» EXERCISE GOAL: Every line of the listing below from the one with "宣传短片《珍惜粮食,从我做起》脚本" up to and including the one with "Edisonstraat 12 is" should be retyped exactly, and nothing else; pictures are not part of the copy.

» SOURCE INFORMATION:
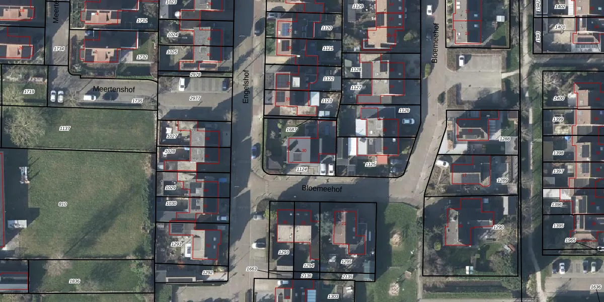 Het perceel waarop Bloemeehof 30 staat heeft een oppervlakte van 448 m². Dit is een groot perceel. De perceeloppervlakte wordt geregistreerd door het Kadaster. Gedetailleerde informatie over de maten van dit perceel kunt u vinden in het rapport Kadastrale kaart met maatvoering van Bloemeehof 30.
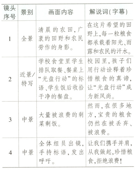 宣传短片《珍惜粮食,从我做起》脚本
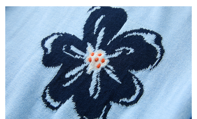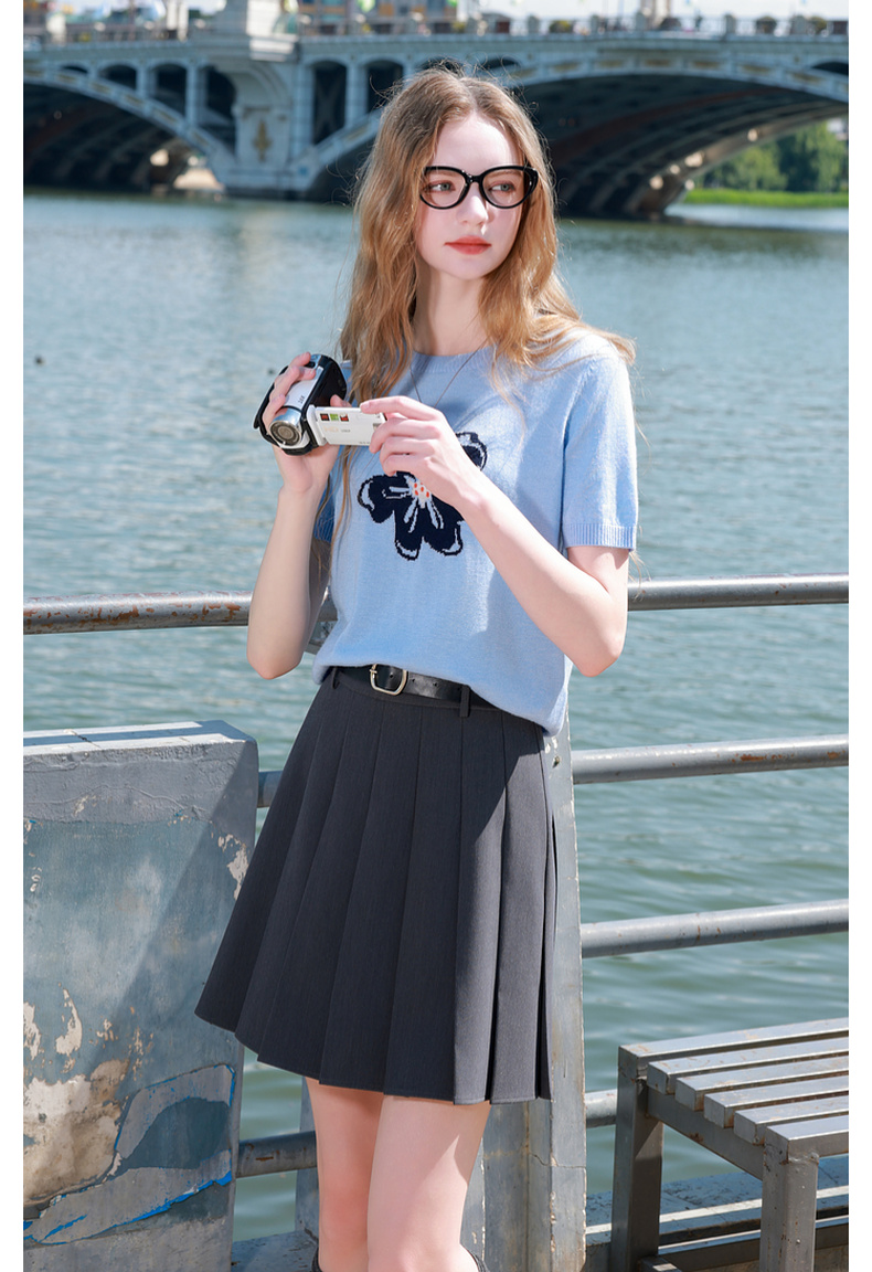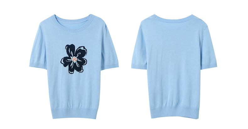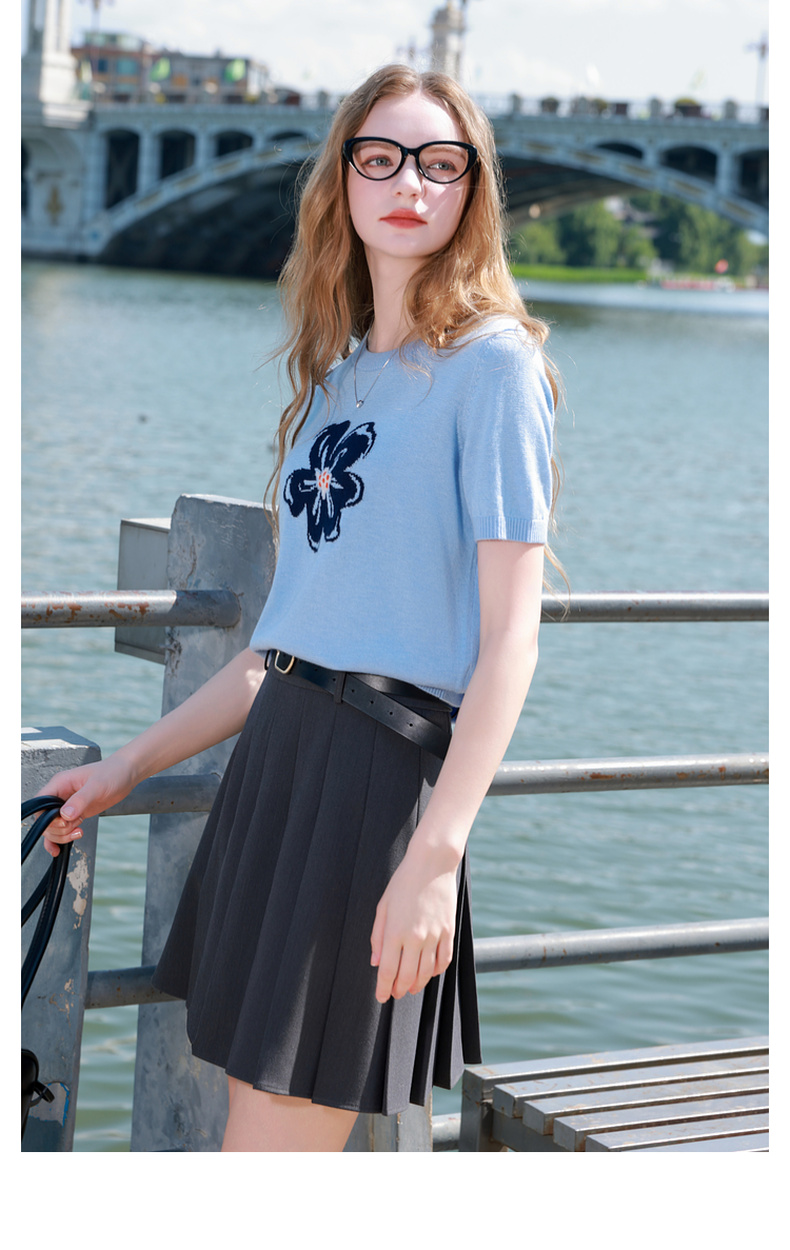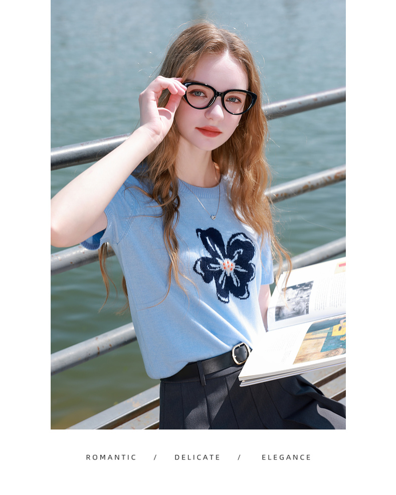 三彩2025秋季新款花朵针织衫圆领短袖毛衫套头衫简约M
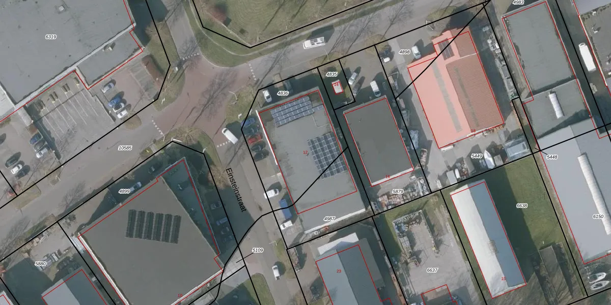Edisonstraat 12 is gelegen op kadastraal perceel SNE00C4836. Deze kadastrale aanduiding is uniek en wordt gebruikt door het Kadaster om eigendomsrechten en andere zakelijke rechten vast te leggen. Het perceel maakt onderdeel uit van de kadastrale gemeente Sneek.
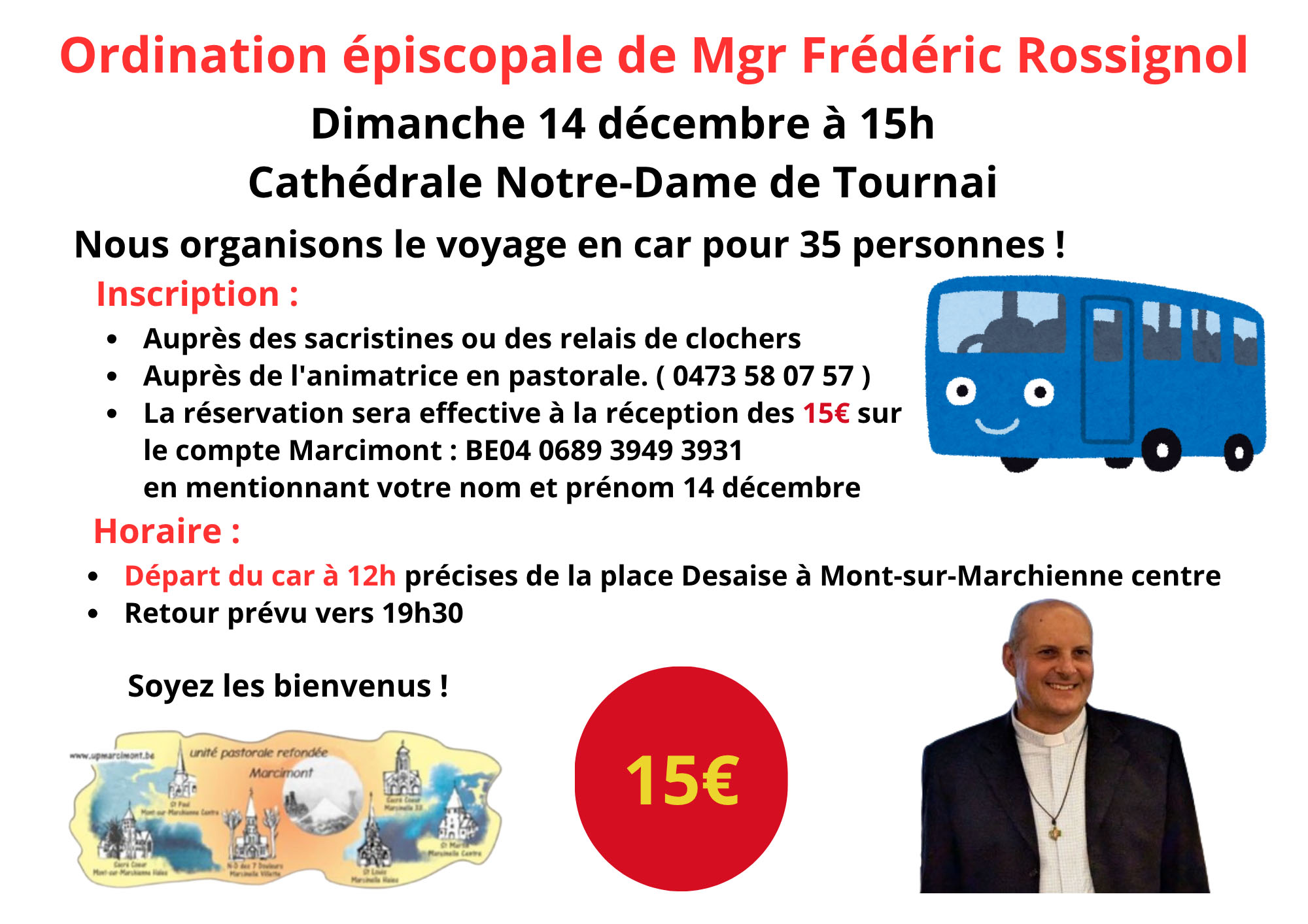 | 14 décembre Ordination à Tournai du nouvel Évêque Frédéric Rossignol Un car sera affrété pour s’y rendre en Unité Pastorale ! Cliquez pour les renseignement | Traditionnelle Marche au Flambeaux le lundi 1er décembre 2025 à 17h30, au départ de l’église Saint-Louis (Cours Garibaldi, 6001 Marcinelle). Cliquez pour le programme |
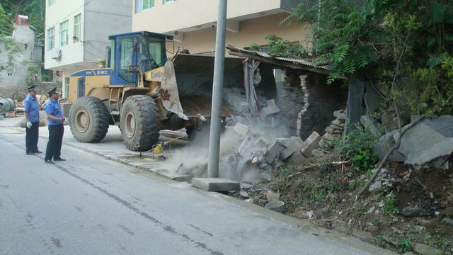 在5月23日、24日的整治活动中,在公路沿线乡镇政府、公安、土地等部门的大力配合下,对涉路违法行为进行了重拳出击,先后清理沿路堆放建筑材料300余方,拆除违章建筑和地面构筑物15起和违法设置广告牌3处。

» ANSWER BOX:
 宣传短片《珍惜粮食,从我做起》脚本
 三彩2025秋季新款花朵针织衫圆领短袖毛衫套头衫简约M
Edisonstraat 12 is gelegen op kadastraal perceel SNE00C4836. Deze kadastrale aanduiding is uniek en wordt gebruikt door het Kadaster om eigendomsrechten en andere zakelijke rechten vast te leggen. Het perceel maakt onderdeel uit van de kadastrale gemeente Sneek.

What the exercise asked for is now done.